Zeleika looked frankly stunned.

"I'd have thought she was a trifle….young to hope to take a responsible post as Holder's Lady" she said. "I'd have thought you'd be looking for someone more….experienced, Tragen."

Tragen shrugged.

"Kaili puts my beasts above any man. I'd rather see that in any of my people than experience in all the social fal-lals – or in anything else you might be meaning. She understands logistics almost as well as Weyrwoman T'lana."

Zeleika gave a bitter little laugh.

"I see. It's a T'lana substitute you're looking for – right down to the hair colour and the propensity for dressing like a boy. Well, I wish you the best, Tragen – and I hope you don't regret it" she wheeled her runner beast away hastily and rode on, followed by her retinue.

Kaili breathed out explosively.

"Did I read that aright?" she asked. "That you wanted to imply that you were involved with me?"

He gave her an apologetic half smile.

"More or less. Zeleika has been pursuing me determinedly almost since she was widowed. But I CANNOT wed someone who sees her runners more in terms of the marks they represent than for themselves!"

"I should think not!" declared Kaili indignantly. "I can see why you wanted her choked off. Is it true what she said?" she asked bluntly.

"Concerning what?" he asked. "Zeleika has a lot to say and I try not to listen."

"That you're in love with T'lana and are looking for a substitute."

He chuckled.

"Oh I daresay I might have I might have wed Sarel's daughter if she'd not gone to the Weyr, and I daresay we'd have been happy enough, for she loves runnerbeasts and understands them.
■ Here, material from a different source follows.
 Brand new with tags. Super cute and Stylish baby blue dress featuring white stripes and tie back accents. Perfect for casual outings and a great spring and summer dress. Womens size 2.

And surely I'm fond of that fiery little Weyrwoman. But I'm not in love with her" he grinned. "I'd prefer, should I ever remarry, to maintain at least the illusion that I be the senior partner in my own Hold!"

Kaili laughed. As a Queen Rider, T'lana was quite capable of being imperious, and was also inclined to back up senior Weyrwoman Pilgra when that lady gently bullied Weyrleader T'bor!
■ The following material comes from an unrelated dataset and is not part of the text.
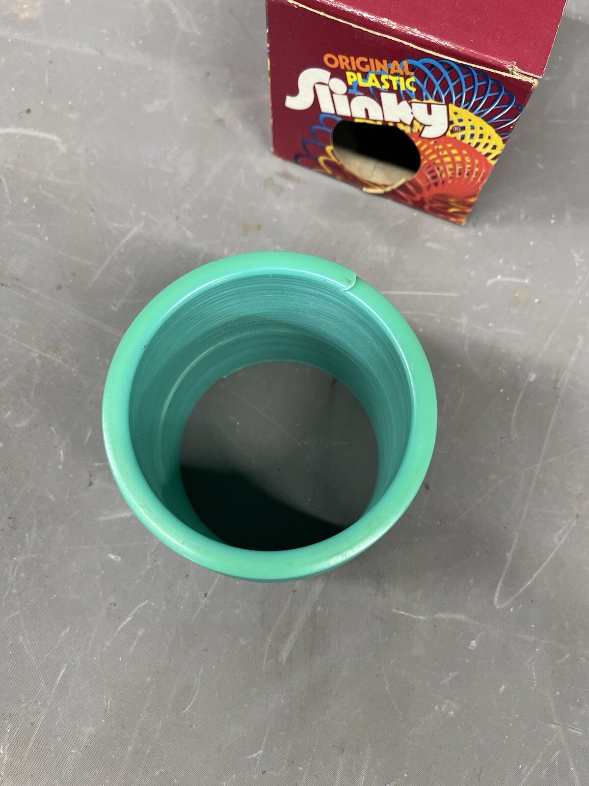 Vintage Slinky Plastic Spring Just Play Box Novelty Authentic Accordion Green OE

"She'll find out sometime" she warned. "I don't ever mean to marry. It involves sex, and that has no dignity nor pleasure."
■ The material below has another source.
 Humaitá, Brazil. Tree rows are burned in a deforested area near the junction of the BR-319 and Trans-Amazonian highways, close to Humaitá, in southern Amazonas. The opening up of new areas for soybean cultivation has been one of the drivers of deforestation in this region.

He caught her rein and looked at her seriously.

"And can you say that truly when all you've experienced is rape? As well you might say that Runnerbeasts are vicious because you've once tried to ride a biter."

Kaili looked mulish; but in truth the simile made her think more deeply than L'rilly's comments that she just hadn't met the right man. Tragen did not push the issue; he'd dealt with enough skittish abused beasts bought out from bad owners. The girl had had a bad time; and needed healing. If any of what he strongly suspected were T'lana's plans for him and Kaili came about, so be it. If not, not. He already liked the girl; and if that was some way from love, it were a tolerable start and better than many ranking couples would hope for. Tragen did not believe in pre-empting the future. What would be, would be, and the better for not being forced one way or another!